Não sei se disporei de oportunidade e meios para tirar esses assuntos a limpo. Mas, tendo ocorrido um complô para falsificar a verdade histórica, iludir historiadores e denegrir revolucionários (atirando-lhes culpas que não tinham), trata-se de algo gravíssimo. Espero que os historiadores de hoje, até por brio profissional, tentem elucidar estes fatos.
Por via das dúvidas, deixo este registro aqui.
É importante, sobretudo, que não pairem quaisquer dúvidas sobre Juarez Guimarães de Brito, um companheiro exemplar, cuja memória não deve jamais ser atingida por (faço questão de repetir) UMA INFÂMIA. De sordidez inqualificável.
P.S.: depois de ter escrito este registro, tomei conhecimento de que havia sido, sim, acusado de responsabilidade por "dezenas de quedas", no livro "Os Carbonários", de Alfredo Sirkis.

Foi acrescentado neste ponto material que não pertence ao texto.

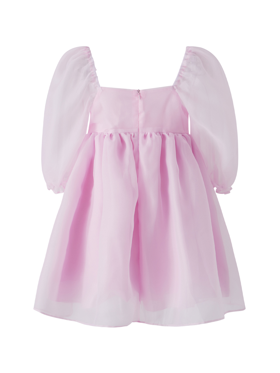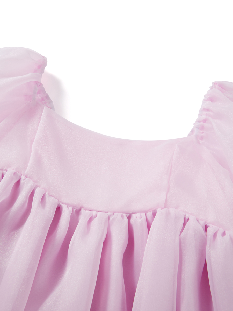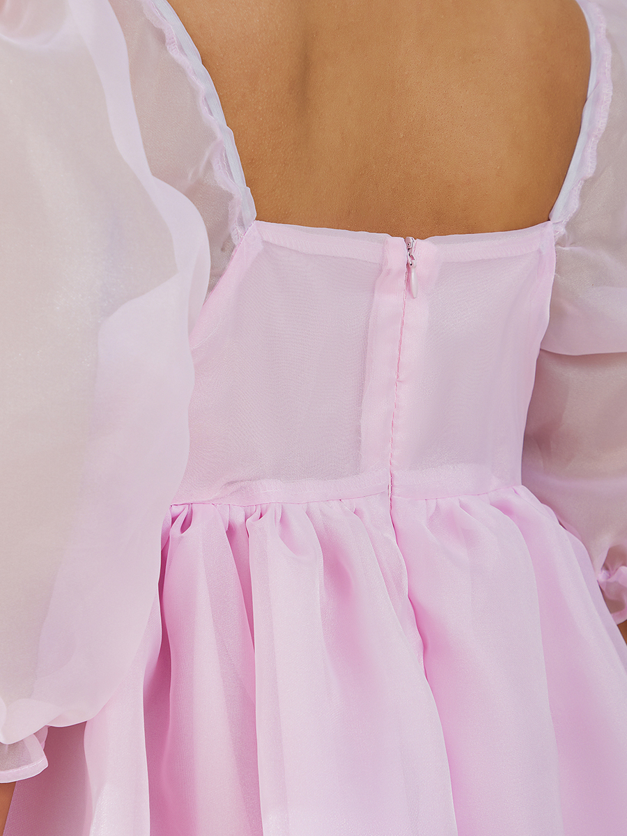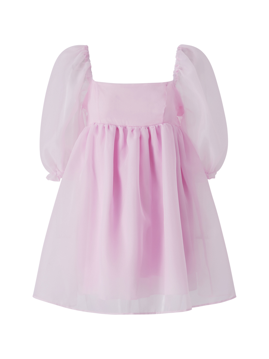 Cyflymder Women Summer Party Puffy Dress Solid Color Square Neck Bubble Sleeve Short Dress for Ladies Pink/Purple/Yellow
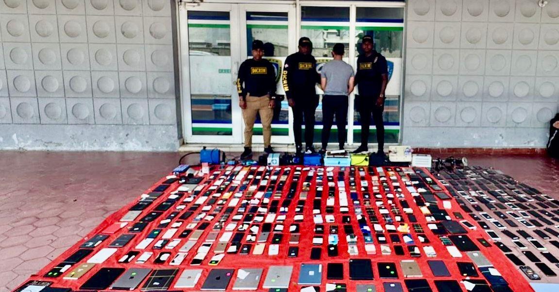 Santiago. – La Policía Nacional y el Ministerio Público, incautan 241 celulares, 136 pantallas, 65 tabletas, cuatro laptops y otros equipos electrónicos durante un allanamiento realizado en una tienda de celulares en el sector Hato Mayor de Santiago, donde además fue arrestado un hombre.
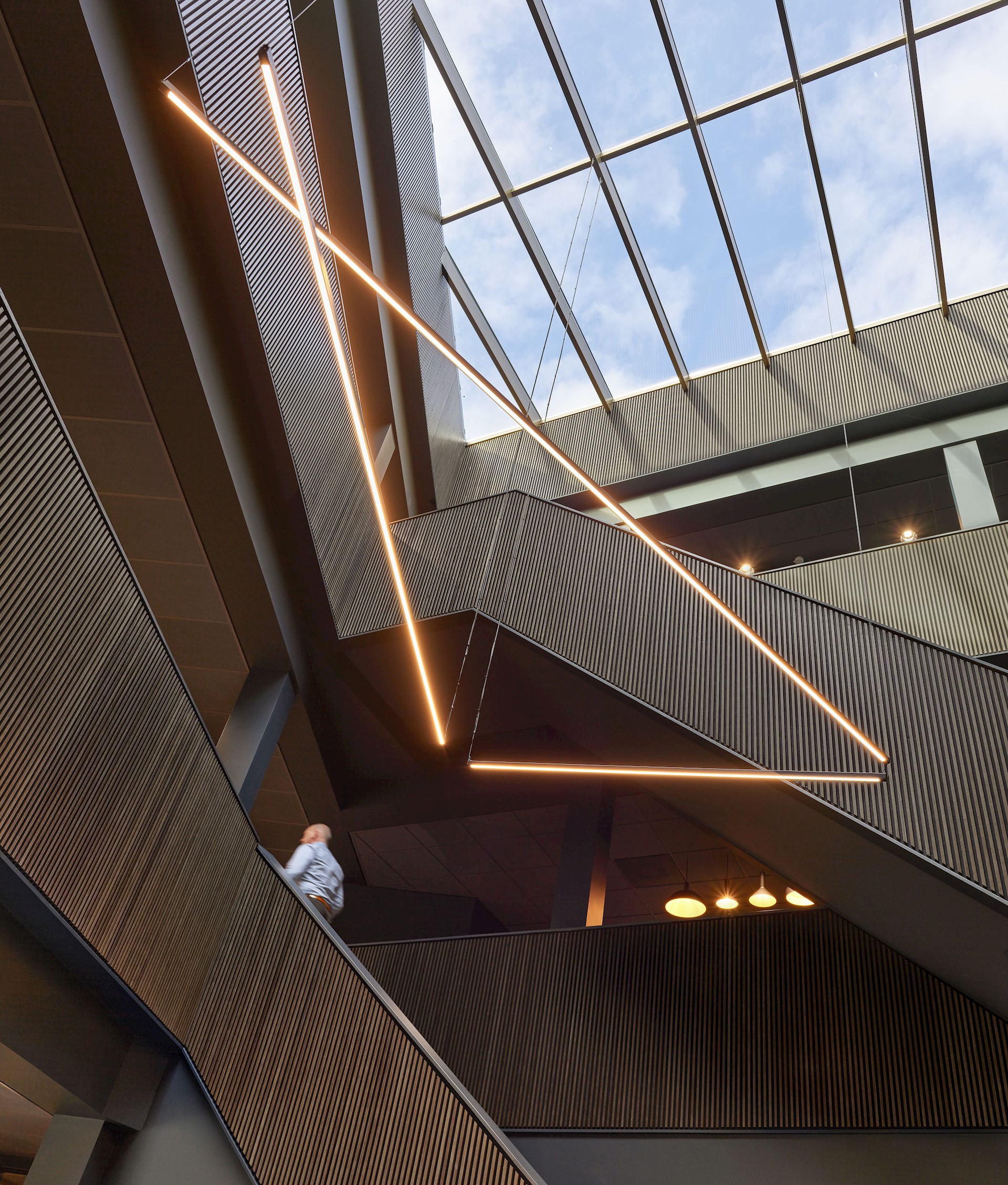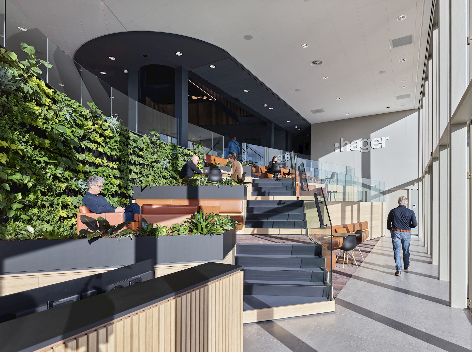 Om ervoor te zorgen dat het nieuwe gebouw écht bij Hager past, hebben we door materialisatie en kleurgebruik de identiteit van de opdrachtgever in het interieur zichtbaar gemaakt. Hager wilde graag een ‘warm’ en toegankelijk pand met een informele en gemoedelijke sfeer, zowel in het publieke als het werkgebied. De warme kleuren die wij hiervoor in het interieur hebben toegepast, zijn afgeleid van koper. Dit materiaal vormt voor Hagers elektrotechnische producten de verbinder. De kopertinten zijn als leidraad genomen en daarmee nu ook de verbinder in het interieur. Zowel de binnen- als de buitenzijde van de driehoekige kern is uitgevoerd in houten latten met een donkere accentkleur, waardoor overal in het gebouw de ervaring van het hout aanwezig is. Aan de zijde van de gevel is er voornamelijk gebruikgemaakt van hout in een lichte tint.

Trocamos e-mails e ele renegou o que dissera sobre mim no seu texto original de 1978, informando que já se posicionara melhor, fazendo uma espécie de mea culpa, numa edição posterior da obra. Além disso, dispôs-se a incluir doravante minha incisiva refutação deste e de outro absurdo (uma imputação de colaboração com a repressão, totalmente estapafúrdia e sem fonte declarada). Aceitei suas justificativas e dei por encerrada a questão.